The big surfboard manufacturers were starting to panic as the backyard board movement was gaining momentum. New surfboard sales were half what they were the previous year. Grant Reynolds glassed surfboards for the Santa Monica, South Bay, and Huntington Beach surf shops and was part owner of Jacobs Surfboards. He got together with Larry Gordon of San Diego-based Gordon and Smith Surfboards and together they formed a surf shop union to control the surfing industry. All the surf shops up and down the coast joined the union to try stopping the backyard board builders,

Grant went to “Grubby” Clark of Clark Foam and told him that if he continued to sell his foam blank second’s to the backyard builders, the union wouldn’t buy any more of his blanks. Grubby told him to go right ahead, and if he hassled him anymore he would sell the backyard builders all his first condition blanks and Grant and his friends could fight over the seconds. Grant was furious but there was nothing he could do because  Grubby had a monopoly on the surfboard blank industry. Grubby loved the backyard board builders because they paid full price for blemished blanks that the surfboard shops rejected.
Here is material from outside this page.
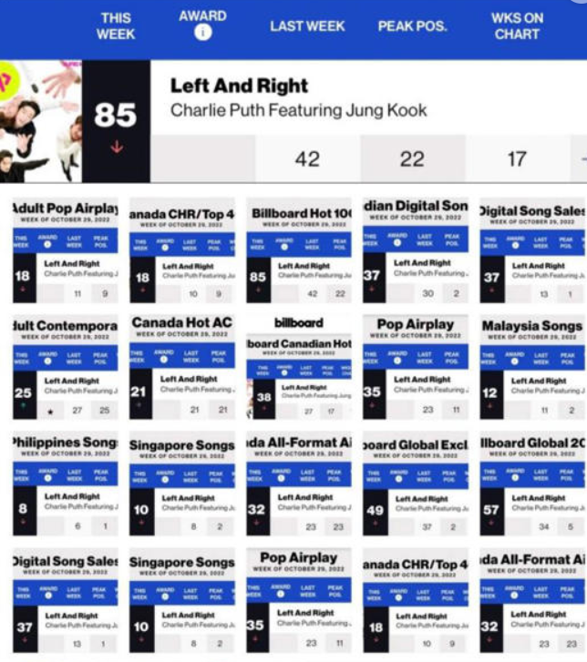 'Left and Right'는 이 밖에도 2022년 10월 29일 자 디지털 송 세일즈 37위, 빌보드 글로벌 200 57위, 빌보드 글로벌(미국 제외) 49위, 팝 에어플레이 35위, 어덜트 팝 에어플레이 18위, 어덜트 컨템포러리 25위, 캐나디안 핫100 38위, 캐나디안 핫 AC 21위, 캐나다 CHR/톱40 18위, 캐나다 올-포멧 에어플레이 32위, 캐나다 디지털 송 세일즈 37위, 필리핀 송 8위, 싱가포르 송 10위, 말레이시아 송 12위 등 빌보드 세부 차트에서도 장기 포진하며 음원 맹활약을 이어가고 있다.
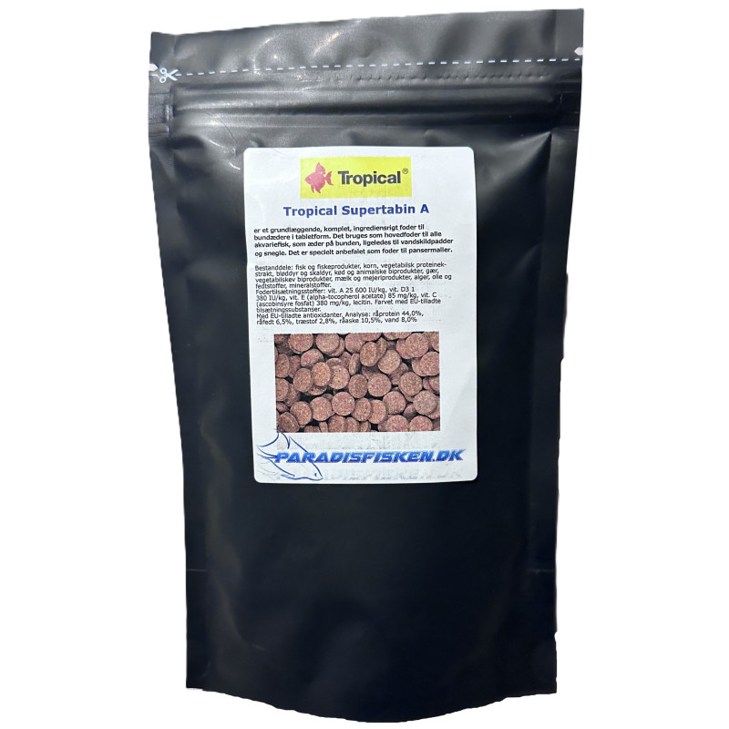 Tropical Vegetabin A - en såkaldt klædende mallepille, som kan sættes fast på akvarieruden. Kan både bruges som fuldfoder til planteædende fisk og som supplement til altædende fisk og ungfisk.

Eddie saved enough money from his backyard surfboard building material business to rent the smallest shop on the north side of Aviation Boulevard, across the street from where his shop is now. The first ET Surf Shop had a tiny showroom — and that was it. The bathroom was an outhouse behind the shop. Eddie said, “It was so small that Dive N’ Surf gave them some wetsuits on consignment that they had been unable to sell. If somebody wanted to try one on, they had to go to the outhouse behind the shop to do so.” Eddie’s tiny little shop was doing well when every other surf shop was going under because Eddie continued to sell board building materials to all his friends who helped him get started.

Eddie’s own ET Surfboards were starting to look showroom quality, with Pat Ryan getting more shaping practice and Ed Sakel becoming the good surfboard glasser he is. Williamson, Jarvis, Terry Stevens, Mike DeNoune, and Anderson were getting a quite a following. Gamboa was the perfect sales manager. Eddie brought in a silent partner so he could move across the street into a bigger building. It’s where he is today but it was a third the size. Eddie couldn’t afford the rent on his new shop and his apartment so he slept in the back of ET Surf Shop.
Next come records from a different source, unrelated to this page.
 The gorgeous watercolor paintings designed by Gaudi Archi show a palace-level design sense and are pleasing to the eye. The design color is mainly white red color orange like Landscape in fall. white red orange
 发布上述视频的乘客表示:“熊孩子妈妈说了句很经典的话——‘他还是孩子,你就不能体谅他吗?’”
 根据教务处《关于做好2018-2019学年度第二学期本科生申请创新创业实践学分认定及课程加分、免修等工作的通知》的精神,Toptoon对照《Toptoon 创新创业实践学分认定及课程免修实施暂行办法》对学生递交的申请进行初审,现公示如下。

When Eddie moved across the street and expanded his shop, Grant Reynolds stormed in the front door, demanding Eddie stop selling materials to the backyard surfboard builders — or else he was going to do something drastic. Eddie threw Grant out of his shop. Late that night somebody threw a lit bottle of gasoline at the front door of ET Surf Shop. Eddie said, “If I wouldn’t have been living in the back of the shop I couldn’t have put out the fire with my only extinguisher before it burned down my new shop. I never saw who threw the lit bottle of gasoline at the front door. I wasn’t supposed to be living at the shop so I never reported it to the police.”

Eddie used the shop’s profits to go into the skateboard business with Kevin Anderson. The urethane Cadillac Wheels, invented by Frank Nasworthy, revolutionized skateboarding much like surfing’s short board. Kevin was the king of skateboarding pools, parks, and giant half pipes,.His picture appeared on the covers of every skateboard magazine. Kevin set up a skateboard shop in the back of ET Surf Shop, where he built and repaired skateboards.

Eddie was always at the shop, working behind the counter, giving deals to everyone in the South Bay. He told customers if they could find it for less anywhere he would beat it. In the Sixties, surf shops sold surfboards, T-shirts, trunks, short john wetsuits, and Surfer Magazine. That was it. In the early Seventies, ET Surfboards became the first surf shop to carry clothing linked with surfing and skateboarding. Eddie has always had the best employees (a lot of them world famous) because Eddie has always been the friendliest, nicest, most honest surfer in the surfboard business.